The Dublin system comprises the Dublin Regulation, which lists sets of criteria to determine responsibility and establishes mechanisms to transfer asylum seekers, and the EURODAC Regulation, which establishes a technical tool for comparison of fingerprints as support to the application of the Dublin Regulation.
Requested to evaluate the Dublin Regulation as well as the EURODAC Regulation after three years of operation, the Commission has decided to present a global report on the application of those intrinsically linked instruments.
Whilst acknowledging that the Dublin system is applied in a generally satisfactory way, the report identifies certain issues related, on the one hand, to the correct application of the Regulation and, on the other hand, to the efficiency of the current legislative provisions.
The report clarifies certain provisions and proposes concrete ways to improve the application of both regulations, as well as to enhance their efficiency.
For example, it insists on the respect of basic principles enshrined in the Dublin Regulation, such as the principle of non-refoulement and the principle of the best interests of the child. It recalls that all means of proofs foreseen to support transfer requests, including credible and verifiable statements of the asylum seeker, should be used.
The report proposes amending the relevant legislation where this could improve efficiency and coherence with the asylum acquis.
For example, it proposes the extension of the scope of the Dublin Regulation to include subsidiary protection. It proposes certain amendments to discretionary provisions, namely those based on humanitarian considerations, in order to avoid misunderstandings and inefficiency and increase the possibility of family members to be reunited.
It proposes to introduce new deadlines, both in the Dublin Regulation as in the EURODAC Regulation, again to improve the system's efficiency.
For EURODAC in particular, the report proposes introducing technical amendments in order to help Member States analysing, within the imposed short time-limits, search results which, after three years of application, appear to be more and more complex.
Available statistics also show that, contrary to a widely shared assumption, the overall allocation between Member States located at the external borders of the EU and those which are not is actually rather balanced.
Also the idea that the application of the Dublin system has an important impact on the overall asylum seeker's population in certain Member States should be reviewed: only in Poland and, to a lesser extent, Slovakia, Lithuania, Latvia, Hungary and Portugal, the asylum seeker's population has effectively increased following Dublin transfers. On the other hand, in Luxembourg and Iceland, the number of asylum seekers decreased by around 20%.
EURODAC statistics reveal that, in average between 2003 and 2005, around 12% of the asylum applications (79.372 out of 657.753) were in fact subsequent applications. This number might indicate that the Dublin system did not have the expected deterrent effect against the "asylum shopping" phenomenon. Many asylum seekers continue trying to obtain a favourable decision for their case by lodging more than one asylum application. The provision of correct information to asylum seekers about the consequences of subsequent applications could be one of the measures which could help prevent this phenomenon. Further approximation of national asylum procedures, legal standards and reception conditions, as envisaged in the second phase of the Common European Asylum System, is bound to reduce the motivation of asylum seekers for secondary movements, which are mainly due to the diversity of applicable rules.

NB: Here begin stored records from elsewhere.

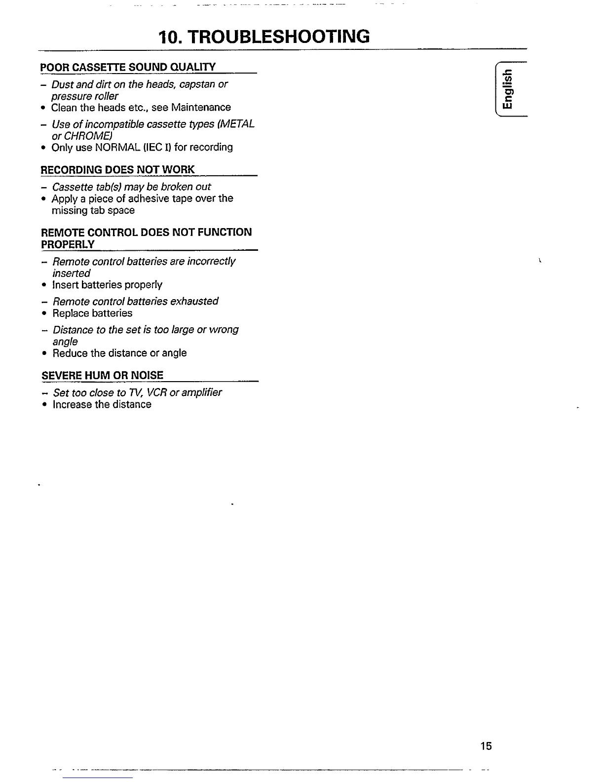 Philips AZ 2405 - Troubleshooting - Cassette and Remote Issues; Cassette and Remote Issues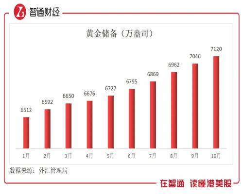 一直以来,美元一直作为外汇的重要储备,然而经济疲软下,美元的地位正在下降,各国对黄金的储备需求得到显著性提升,根据世界黄金协会,在中央银行购买黄金达到历史高位之后,各国央行仍继续对黄金持积极态度。中国持有黄金储备数量按月持续攀升,截至10月份达到7120万盎司,持有比重提升至4%。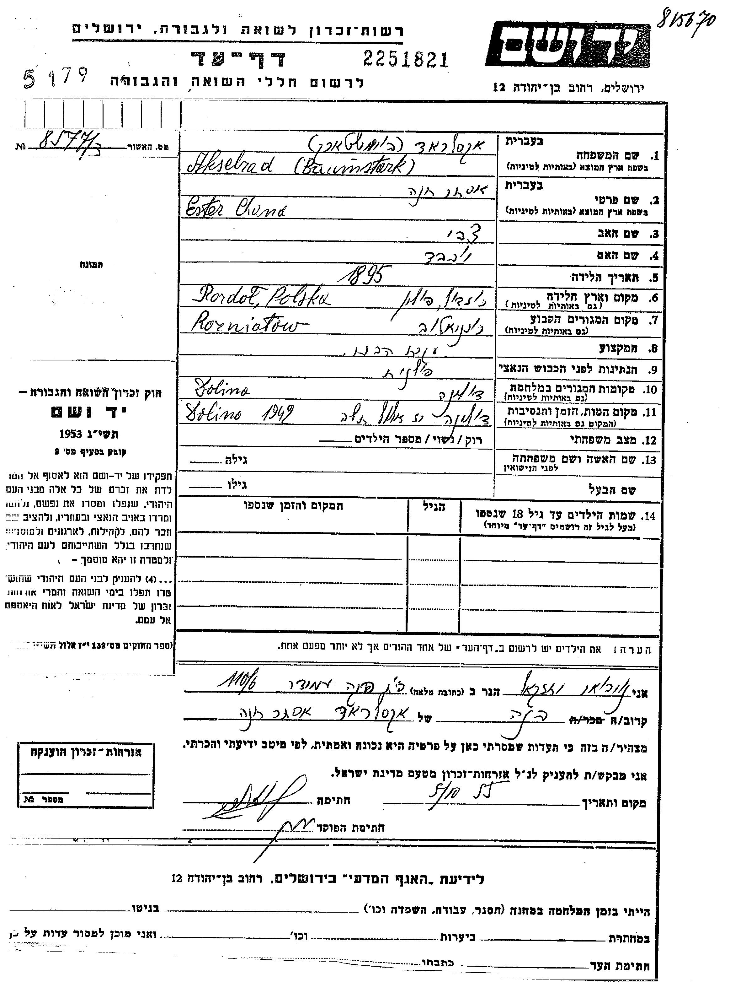 Yad Vashem - Pages of Testimony Names Memorial Collection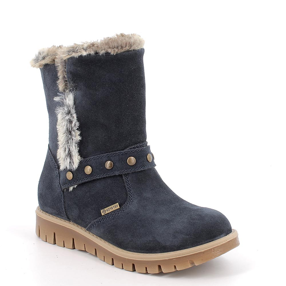 Prácticos botines de piel ante para el colegio, pero también al aire libre. Realizados para ser puesto en cualquier condición climática. Están dotados de membrana GORE-TEX que hace una barrera contra el frío y la humedad. La puntera redondeada deja espacio de movimientos a los dedos. La suela es altamente flexible y ligerísima. El pie apoya en una confortable plantilla que puede extraerse para una mayor higiene.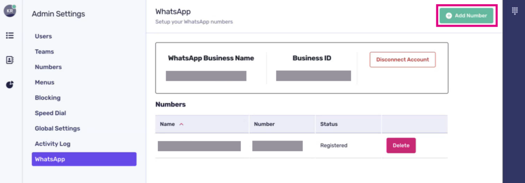 You can view the WhatsApp numbers associated with your account here. To add a new number, simply click on ‘Add number’ located in the top right corner.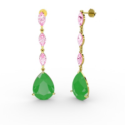 Neon yeşil akrilik ve pembe kuvars 8 ayar altın küpe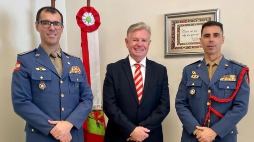 O deputado estadual Nilso Berlanda (PL) recebeu em seu gabinete na Assembleia Legislativa de Santa Catarina, o comandante do 33° Batalhão da Polícia Militar de...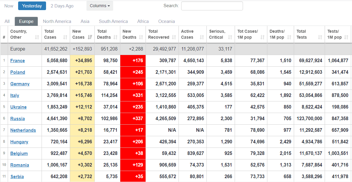 Украина по количеству новых заражений находится на 12 месте в мире с 12 112 случаями - между Аргентиной (15 262) и Филиппинами (11 681). По этому показателю среди европейских стран Украина - на 5 месте.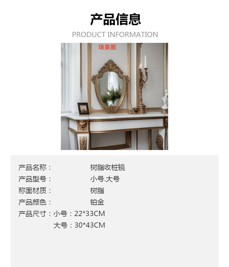 Внутренний диаметр маленького зеркала 16*22 Внешний диаметр 22*33CM; Короткая фоторамка: Внутренний диаметр: 16*22 Внешний диаметр: 22*33CM; Зеркало большого размера: Внутренний диаметр: 19,5*28 Внешний диаметр 30*43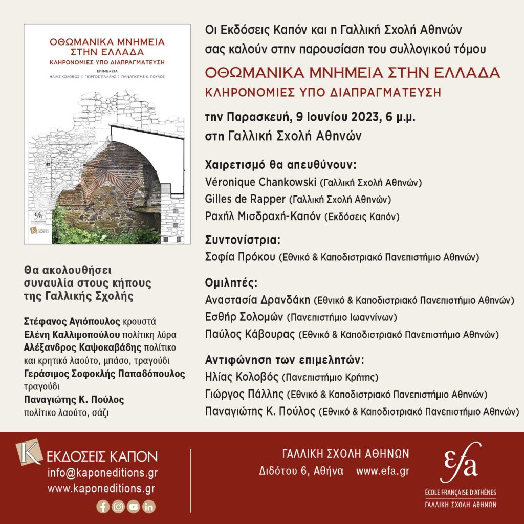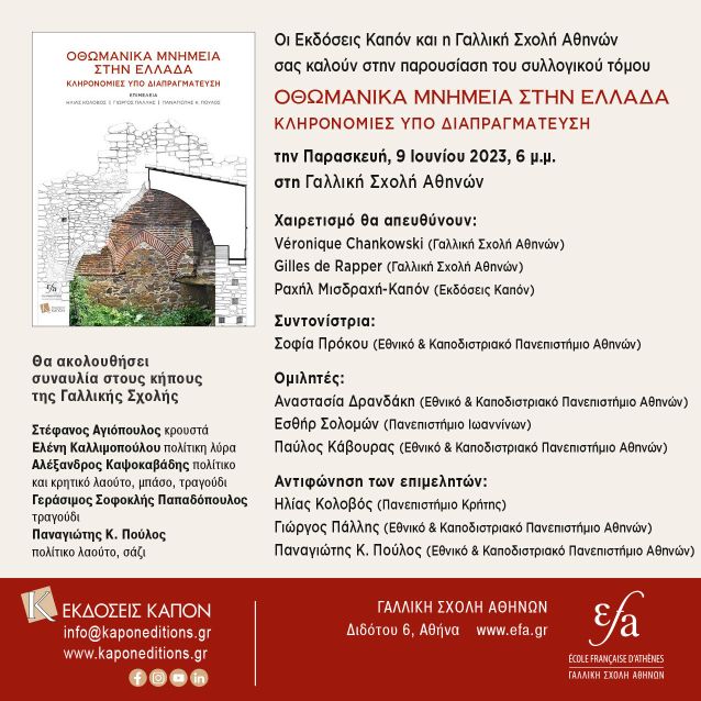 Το απόγευμα της Παρασκευής 9 Ιουνίου 2023, στην αίθουσα εκδηλώσεων της Γαλλικής Σχολής Αθηνών (Διδότου 6, Αθήνα), οι Εκδόσεις ΚΑΠΟΝ, σε συνεργασία με τη Γαλλική Σχολή, διοργανώνουν μία παρουσίαση του εξαιρετικά ενδιαφέροντος συλλογικού βιβλίου, με τίτλο: «Οθωμανικά Βιβλία στην Ελλάδα – Κληρονομιές υπό διαπραγμάτευση», σε επιμέλεια των κ.κ. Ηλία Κολοβού, Γιώργου Πάλλη και Παναγιώτη Κ. Πούλου.

How does the Dublin system work?
The "Dublin system" comprising the Dublin Regulation and the EURODAC Regulation, as well as their implementing rules, aims to determine which Member State is responsible for examining an asylum application lodged by a third-country national on the territory of one of the Member States of the EU, Norway and Iceland.
The Dublin Regulation
The Dublin Regulation establishes a set of hierarchical determination criteria as well as rules which apply when a person has already lodged an asylum claim in another Member State.
The criteria are based on the general principle that responsibility for examining an asylum application lies with the Member State which played the greatest part in the applicant's entry into or residence on the territories of the Member States, subject to exceptions designed to protect family unity. If none of the criteria applies, the first Member State in which the application for asylum is lodged is responsible for examining it. Besides these rules, the Regulation contains two important discretionary provisions:
- The "sovereignty clause", according to which a Member State has always the possibility to decide to examine an asylum application, even if it is not responsible according to the criteria of the regulation;
- The "humanitarian clause", which gives the possibility to a Member State to bring together family members as well as other dependent relatives, on humanitarian grounds, notably for family or cultural reasons.

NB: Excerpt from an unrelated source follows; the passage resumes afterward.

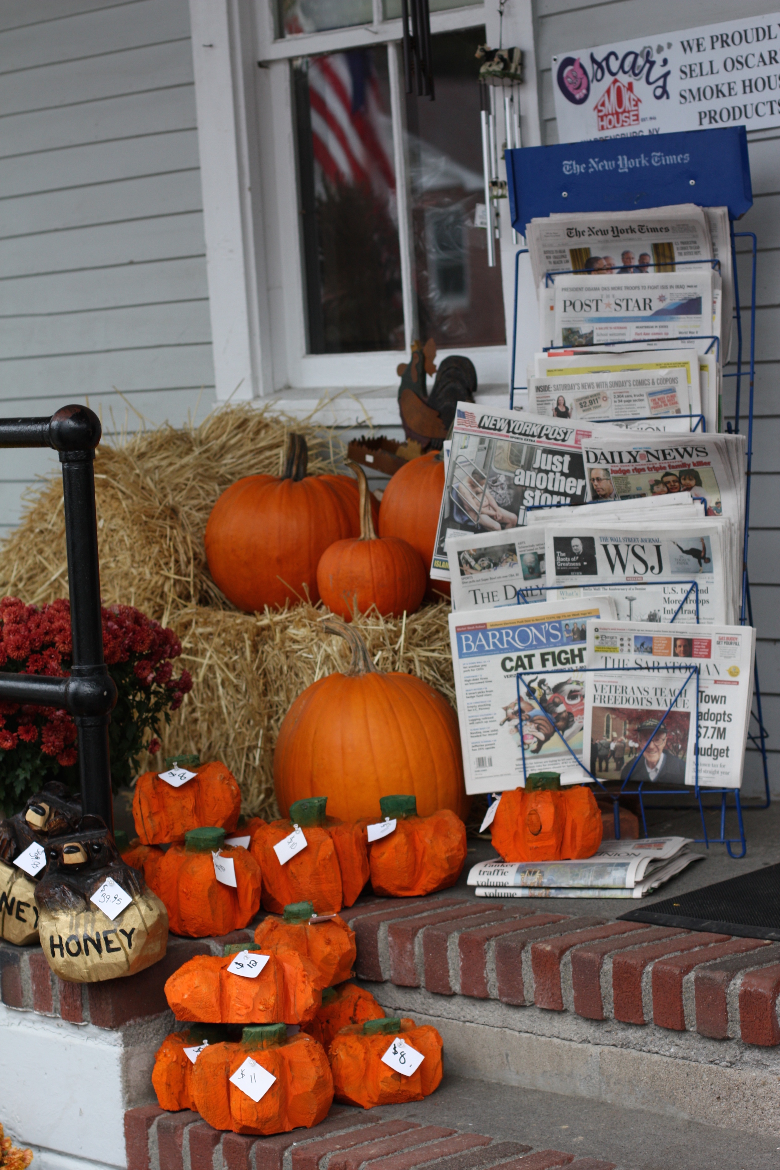 With a foot of snow predicted for our area in the next 24 hours, we'd like to remind everyone that the astronomical winter (Northern Hemisphere) 2014 begins on Sunday, December 21 (and ends on Thursday, March 19). So keep on enjoying those pumpkins!!!)We took this recently on the steps of the Adirondack General Store.

The Dublin Regulation establishes mechanisms for requesting another Member State to take back (in case of a previous asylum application) or to take charge of an asylum seeker and includes deadlines to be respected by both the requesting and requested Member States.
Since certain Member States have more intensive activity with some Member States than with others, it is envisaged that bilateral agreements may be concluded which are designed to facilitate the practical application of the regulation and increase its effectiveness.
It establishes a Central Unit managed by the European Commission, which receives data and transmits positive or negative replies to national EURODAC units (National Access Points) operating in each Member State. The system works as follows:
- Collection of the data
Member States have the obligation to collect the fingerprints of each individual above the age of 14 who applies for asylum or who is apprehended in connection with an irregular crossing of their external border. They further have the possibility to collect data of third-country nationals over the age of 14 who are apprehended when illegally staying on their territory, with a view to check whether they have applied for asylum in another Member State.
- Transmission of the data
Member States have to send the above-mentioned data as soon as possible to the EURODAC Central Unit.
- Quality check
Before accepting any fingerprint data from the Member States, the Central Unit performs a quality check and is allowed to reject data.
- Comparison of the data
The Central Unit processes the fingerprints following different types of transmissions: It compares the data of asylum applicants against data of other asylum applicants; it compares the data of asylum applicants against data of persons apprehended in connection with an irregular border-crossing; it compares data of persons illegally residing against data of asylum applicants.
- Results of the comparison
The Central Unit returns a “no hit” reply when no match was found or a “hit” reply when it detects a match or matches between data recorded in the database and data transmitted by a Member State.
- Storage of the data
The data of an asylum applicant are stored in the EURODAC Central database for ten years or until the concerned individual acquires citizenship of any Member State. The data of an irregular border-crosser are stored for two years or until the individual receives a residence permit, leaves the territory of the Member State or obtains the nationality of one of them. The data of illegal residents are not stored.
Evaluation of the Dublin system
Both the Dublin Regulation and the EURODAC Regulations require the Commission to report on their application after three years of operation and to propose, where appropriate, the necessary amendments. Since the EURODAC Regulation establishes a tool for the efficient application of the Dublin Regulation, it was decided to merge the two evaluations in one comprehensive report.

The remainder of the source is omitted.